[Opening Data supplied section]

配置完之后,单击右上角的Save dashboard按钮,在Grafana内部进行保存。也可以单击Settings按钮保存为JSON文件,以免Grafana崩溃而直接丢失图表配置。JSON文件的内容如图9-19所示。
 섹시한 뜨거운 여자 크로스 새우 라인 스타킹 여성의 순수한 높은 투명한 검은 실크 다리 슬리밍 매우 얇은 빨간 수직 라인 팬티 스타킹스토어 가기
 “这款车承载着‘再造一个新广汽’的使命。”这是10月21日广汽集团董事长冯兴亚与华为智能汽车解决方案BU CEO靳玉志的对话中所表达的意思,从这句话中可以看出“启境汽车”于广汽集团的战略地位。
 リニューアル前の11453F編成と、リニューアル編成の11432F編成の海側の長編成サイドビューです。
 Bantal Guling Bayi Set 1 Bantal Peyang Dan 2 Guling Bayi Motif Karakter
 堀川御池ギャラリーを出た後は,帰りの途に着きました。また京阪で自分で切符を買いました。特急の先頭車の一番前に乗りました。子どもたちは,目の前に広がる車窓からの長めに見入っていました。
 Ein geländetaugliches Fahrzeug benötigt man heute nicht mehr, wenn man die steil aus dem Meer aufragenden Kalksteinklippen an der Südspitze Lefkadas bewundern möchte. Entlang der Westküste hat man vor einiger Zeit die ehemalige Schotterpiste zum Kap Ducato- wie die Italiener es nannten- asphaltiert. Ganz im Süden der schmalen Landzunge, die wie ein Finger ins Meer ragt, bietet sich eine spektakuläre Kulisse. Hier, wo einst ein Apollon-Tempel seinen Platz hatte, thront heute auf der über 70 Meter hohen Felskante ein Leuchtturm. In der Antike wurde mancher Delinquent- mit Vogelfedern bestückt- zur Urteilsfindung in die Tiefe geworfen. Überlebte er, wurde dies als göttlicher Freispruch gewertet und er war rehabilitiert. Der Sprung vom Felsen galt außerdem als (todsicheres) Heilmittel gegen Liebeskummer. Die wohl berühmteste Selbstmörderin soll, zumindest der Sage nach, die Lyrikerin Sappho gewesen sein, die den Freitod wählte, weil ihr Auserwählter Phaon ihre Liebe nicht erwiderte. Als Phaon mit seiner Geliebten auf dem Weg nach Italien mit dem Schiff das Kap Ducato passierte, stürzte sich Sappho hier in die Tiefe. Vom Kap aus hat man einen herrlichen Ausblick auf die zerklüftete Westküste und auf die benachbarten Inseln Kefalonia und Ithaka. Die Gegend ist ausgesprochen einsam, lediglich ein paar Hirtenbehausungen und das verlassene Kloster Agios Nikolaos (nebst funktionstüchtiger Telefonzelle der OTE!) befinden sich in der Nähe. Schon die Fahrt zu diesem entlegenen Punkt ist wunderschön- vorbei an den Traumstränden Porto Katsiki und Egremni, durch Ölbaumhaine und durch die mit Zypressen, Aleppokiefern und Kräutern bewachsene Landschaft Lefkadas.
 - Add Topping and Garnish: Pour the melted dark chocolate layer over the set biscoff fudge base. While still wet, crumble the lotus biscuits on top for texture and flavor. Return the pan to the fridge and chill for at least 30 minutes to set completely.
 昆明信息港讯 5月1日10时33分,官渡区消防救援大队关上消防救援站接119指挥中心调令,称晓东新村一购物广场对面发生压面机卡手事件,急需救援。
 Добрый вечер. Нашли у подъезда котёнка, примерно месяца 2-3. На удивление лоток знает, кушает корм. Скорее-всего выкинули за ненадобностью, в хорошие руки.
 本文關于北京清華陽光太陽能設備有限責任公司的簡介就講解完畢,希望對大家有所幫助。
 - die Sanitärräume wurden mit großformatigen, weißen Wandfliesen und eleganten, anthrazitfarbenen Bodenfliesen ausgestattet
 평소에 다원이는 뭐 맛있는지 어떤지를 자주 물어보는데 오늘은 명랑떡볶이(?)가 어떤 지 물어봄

[Closing Data supplied section]
[Opening Data supplied section]

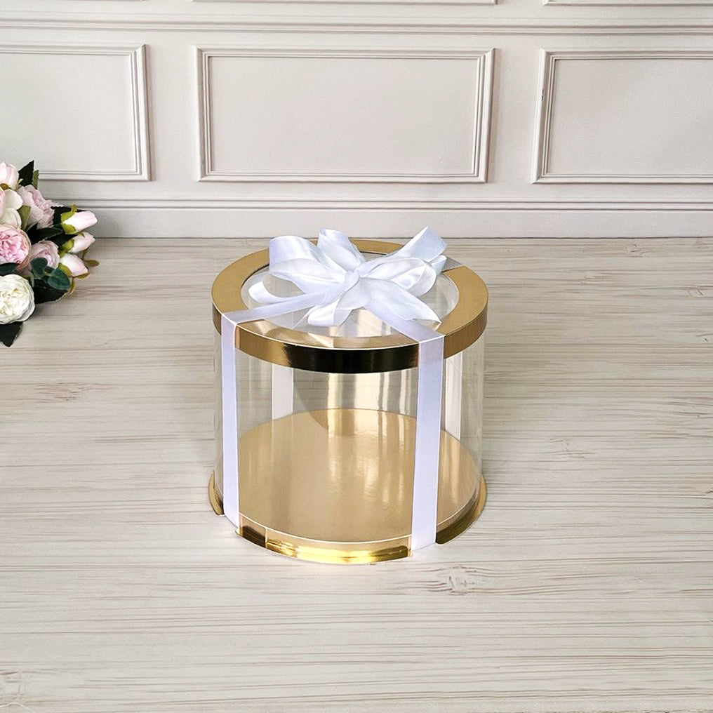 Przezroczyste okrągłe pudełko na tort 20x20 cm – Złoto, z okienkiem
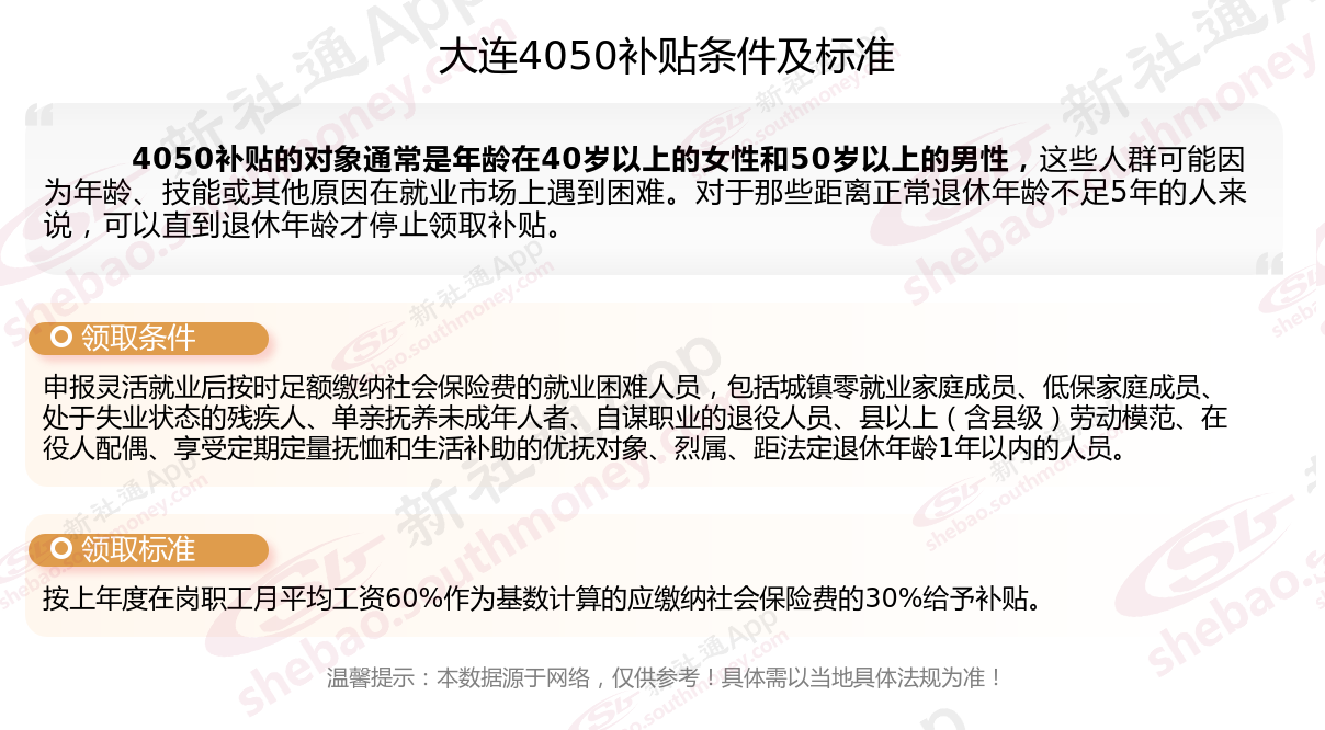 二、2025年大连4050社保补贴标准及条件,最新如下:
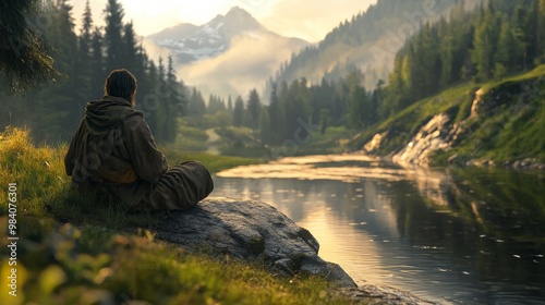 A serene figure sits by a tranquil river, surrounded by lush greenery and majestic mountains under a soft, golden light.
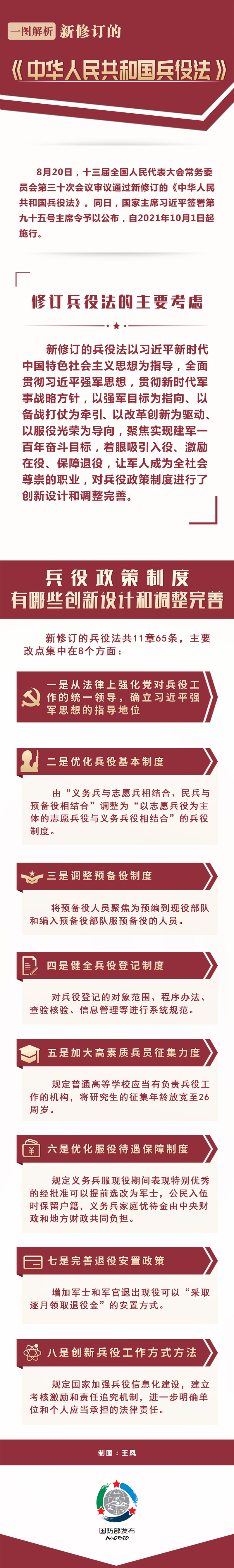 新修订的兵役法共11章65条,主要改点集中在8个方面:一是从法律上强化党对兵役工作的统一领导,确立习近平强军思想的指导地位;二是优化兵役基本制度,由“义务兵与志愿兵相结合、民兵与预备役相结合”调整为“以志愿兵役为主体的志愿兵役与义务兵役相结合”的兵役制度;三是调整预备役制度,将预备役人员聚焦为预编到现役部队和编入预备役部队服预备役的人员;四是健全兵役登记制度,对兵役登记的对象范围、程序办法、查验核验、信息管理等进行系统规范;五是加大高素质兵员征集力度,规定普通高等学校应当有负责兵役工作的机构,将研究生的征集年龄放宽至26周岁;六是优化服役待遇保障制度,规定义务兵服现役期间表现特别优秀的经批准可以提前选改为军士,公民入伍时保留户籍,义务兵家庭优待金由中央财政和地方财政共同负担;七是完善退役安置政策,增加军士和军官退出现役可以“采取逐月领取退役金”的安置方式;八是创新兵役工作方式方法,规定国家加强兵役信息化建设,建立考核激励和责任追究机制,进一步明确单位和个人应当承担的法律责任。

[Closing Data supplied section]

Repeat, character for character, the lines of the material above from the line with "配置完之后,单击右上角的Sa" through the line with "堀川御池ギャラリーを出た後は".

配置完之后,单击右上角的Save dashboard按钮,在Grafana内部进行保存。也可以单击Settings按钮保存为JSON文件,以免Grafana崩溃而直接丢失图表配置。JSON文件的内容如图9-19所示。
 섹시한 뜨거운 여자 크로스 새우 라인 스타킹 여성의 순수한 높은 투명한 검은 실크 다리 슬리밍 매우 얇은 빨간 수직 라인 팬티 스타킹스토어 가기
 “这款车承载着‘再造一个新广汽’的使命。”这是10月21日广汽集团董事长冯兴亚与华为智能汽车解决方案BU CEO靳玉志的对话中所表达的意思,从这句话中可以看出“启境汽车”于广汽集团的战略地位。
 リニューアル前の11453F編成と、リニューアル編成の11432F編成の海側の長編成サイドビューです。
 Bantal Guling Bayi Set 1 Bantal Peyang Dan 2 Guling Bayi Motif Karakter
 堀川御池ギャラリーを出た後は,帰りの途に着きました。また京阪で自分で切符を買いました。特急の先頭車の一番前に乗りました。子どもたちは,目の前に広がる車窓からの長めに見入っていました。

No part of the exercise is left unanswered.